# CA18de CA20 transmission



## LiquidNeon (Apr 1, 2004)

Im asking the stanza board in case someone would know.

I just found out stanzas had a fwd ca20 in older years. and basicly since my pulsar nx SE with the ca18de blew up it's first gear... ive been looking for an inexpensive way to fix it. Its hard as hell to find an SE pulsar (not 1987... thats a smaller tranny), so now im wondering if anyone has experiance with the ca20 tranny working with a ca18.

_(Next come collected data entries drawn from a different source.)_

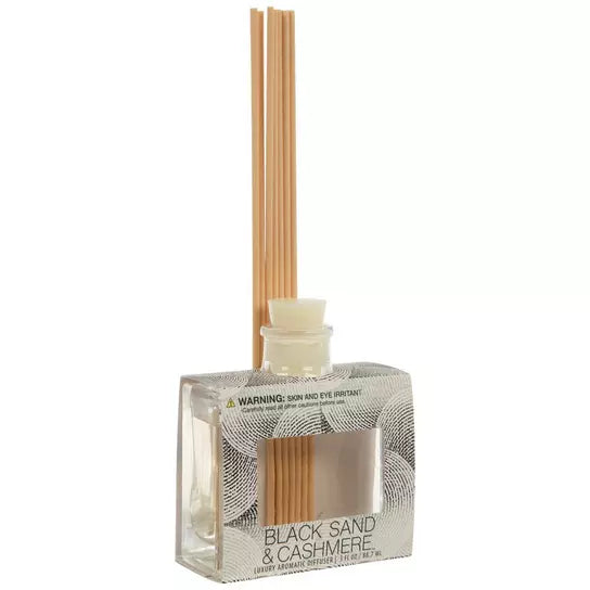 Enjoy the warm and inviting scent of this Black Sand & Cashmere Aromatic Diffuser. This diffuser features clean notes of pear, red berries, sea salt, orange blossom, iris, orchid, and undertones of sandalwood and marine. Simply remove the rubber stopper and place the reeds into the bottle. The reeds will naturally draw the fragrance oil up, diffusing it into the air. Create a relaxing and serene environment with this diffuser.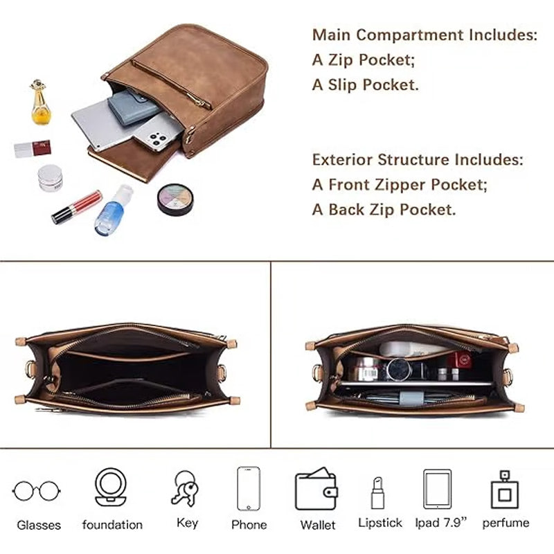 DUŻA POJEMNOŚĆ - Modne potrójne torby na krzyż mają 2 duże kieszenie na suwak, 1 wewnętrzną kieszeń na suwak, 5 miejsc na karty i 2 przednie kieszenie na suwak, duża pojemność może zaspokoić codzienne potrzeby. Możesz przechowywać telefon komórkowy, portfel, klucze, szminkę, serwetki i inne codzienne potrzeby.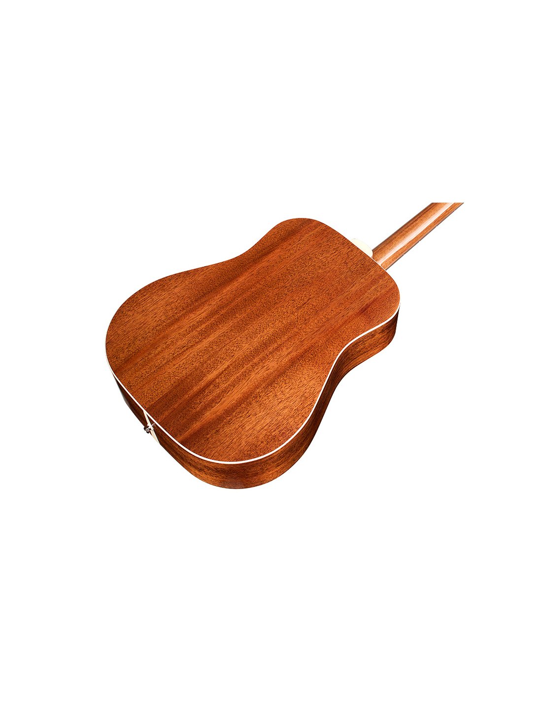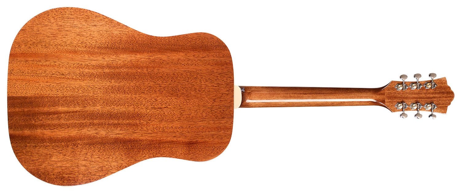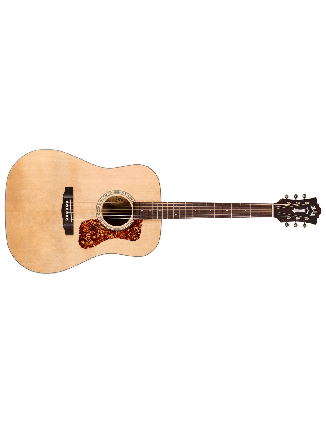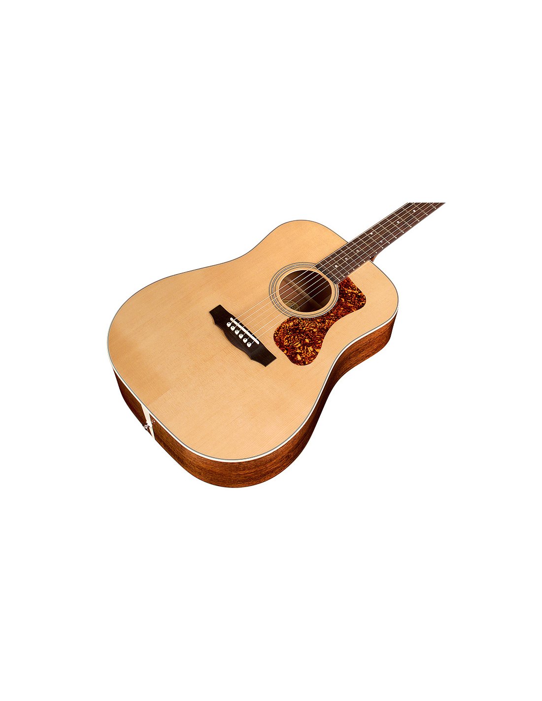 The D-140 has the classic Dreadnought shape, offers excellent sound balance and a present and dynamic tone. Built with solid Sitka spruce top, solid African mahogany back and sides, the D-140 has a 25 1/2” (648 mm) scale and a nut width of 1 ¾” (44.5 mm), the Guild vintage-style handle is in mahogany (Profile C) with rosewood fingerboard and bridge, the bone nut and cross, the mother-of-pearl rosette, the turtle celloid pickguard inspired by Vintage instruments, the open vintage-style mechanics with 18:1 ratio complete the equipment. This model also features the iconic Guild Chesterfield headstock with mother-of-pearl logo, reminiscent of Guilds from the 1960s. It includes the new lightweight polyfoam case. The finish is glossy polyurethane (Gloss) natural.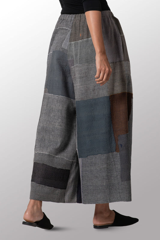 COTTON SILK SW PATCH KANTHA YAMAHA PANTS - ws2632-gry -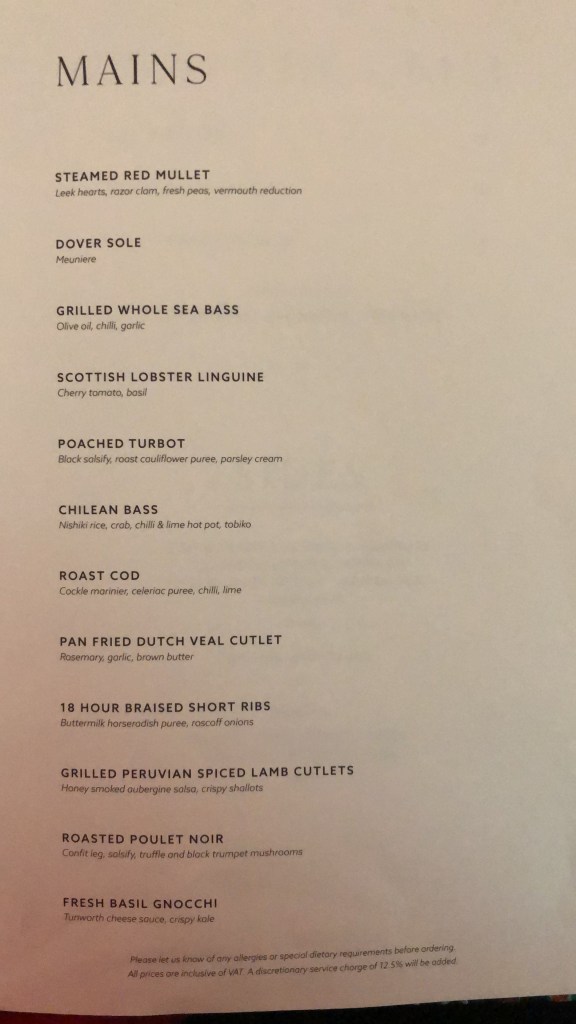 O 24 Mayfair tem uma infinidade opções que vai desde comida asiática (um cardápio) a opções de grill. São dois cardápios diferentes. Nós provamos um combinado do cardápio asiático, com sushis e sashimis e depois, cada uma pediu um prato principal do segundo cardápio. A minha escolha foi uma Short Ribs (costela) cozida por 18 horas acompanha de um purê amanteigado de rabanete, que custava 34 libras, ou seja R$204,00. Realmente é um restaurante para quem pode e quer gastar esse dinheiro. Mas é uma experiência muito legal, comida boa e um ambiente muito gostoso.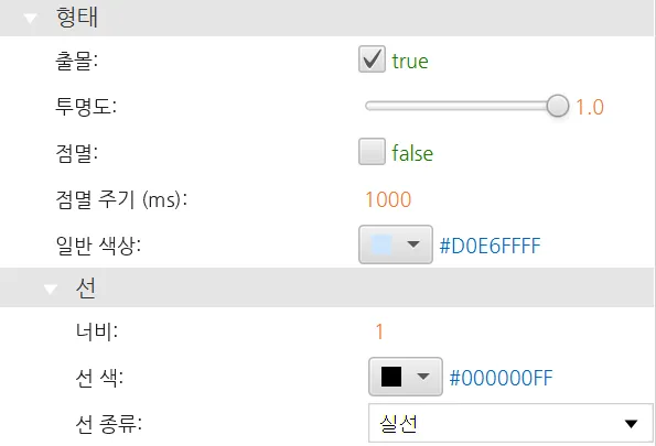 섹션 제목: “스파크라인 형태”스파크라인 형태 설정을 통해 스파크라인의 모양을 사용자 설정할 수 있습니다. 출몰, 투명도, 점멸과 같은 속성을 설정할 수 있으며, 선 설정을 통해 선의 두께와 색상을 설정할 수 있습니다.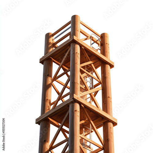 Obraz premium A tall wooden structure with a unique design against a clear background,...

any help would be greatly appriated!

thx all.


----------



## Gsolo (Sep 11, 2003)

LiquidNeon said:


> Im asking the stanza board in case someone would know.
> 
> I just found out stanzas had a fwd ca20 in older years. and basicly since my pulsar nx SE with the ca18de blew up it's first gear... ive been looking for an inexpensive way to fix it. Its hard as hell to find an SE pulsar (not 1987... thats a smaller tranny), so now im wondering if anyone has experiance with the ca20 tranny working with a ca18.
> 
> ...



as long as its a 2wd tranny then yes it'll fit.


----------



## SENTRASER (Jan 6, 2005)

Will the CA18DE engine bolt up to the CA20 tranny(4wd)?


----------



## SENTRASER (Jan 6, 2005)

ttt...............


----------



## SENTRASER (Jan 6, 2005)

????????????????????


----------